**Work order:** Output the listing below exactly, minus its images.

**Source material:**
■ ■ ■

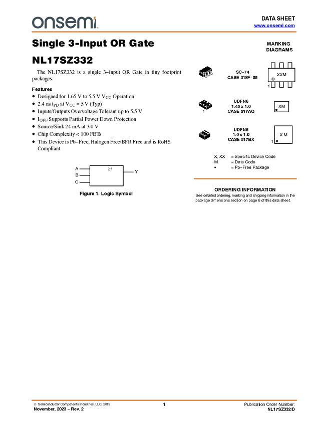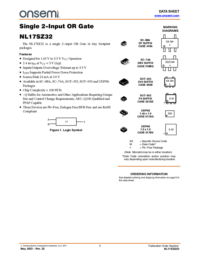 NL17SH32 Single 2-Input OR Gate
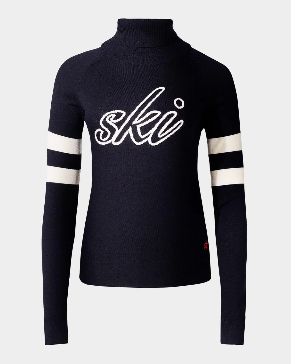 Crafted in soft merino wool, the "Neve" sweater by Perfect Moment features a bold intarsia and ribbed trim for layering on and off the slopes. Turtleneck Long sleeves Fitted Hem sits at the hip Pullover style Merino wool Hand wash cold Imported
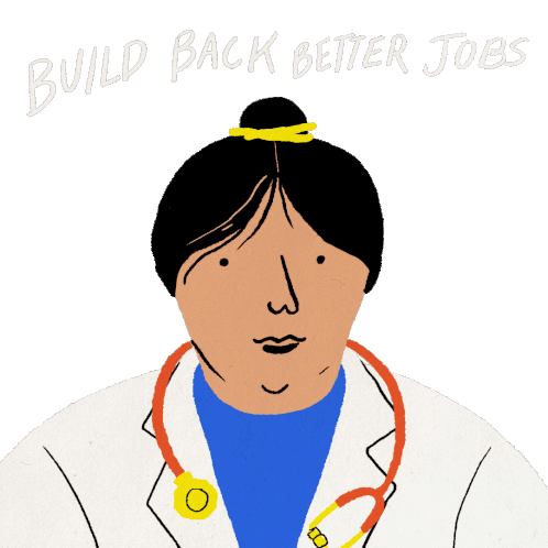 Jennyscales_ sticker featuring diverse workers like a doctor, student, and farmer, promoting 'Build Back Better Jobs With Unions' and the Pro Act.
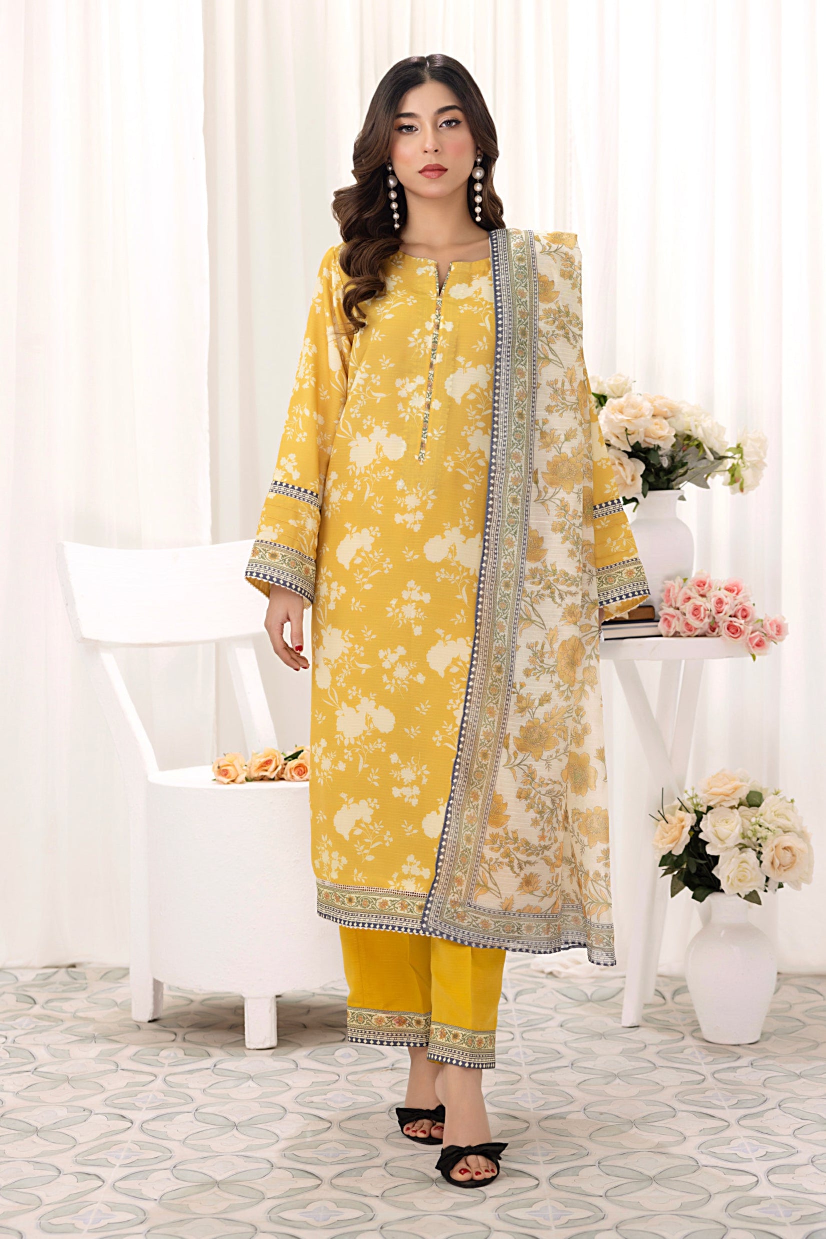 03 Piece Unstitched Fancy Textured Printed

■ ■ ■

**Result of the task:**
 NL17SH32 Single 2-Input OR Gate
 Crafted in soft merino wool, the "Neve" sweater by Perfect Moment features a bold intarsia and ribbed trim for layering on and off the slopes. Turtleneck Long sleeves Fitted Hem sits at the hip Pullover style Merino wool Hand wash cold Imported
 Jennyscales_ sticker featuring diverse workers like a doctor, student, and farmer, promoting 'Build Back Better Jobs With Unions' and the Pro Act.
 03 Piece Unstitched Fancy Textured Printed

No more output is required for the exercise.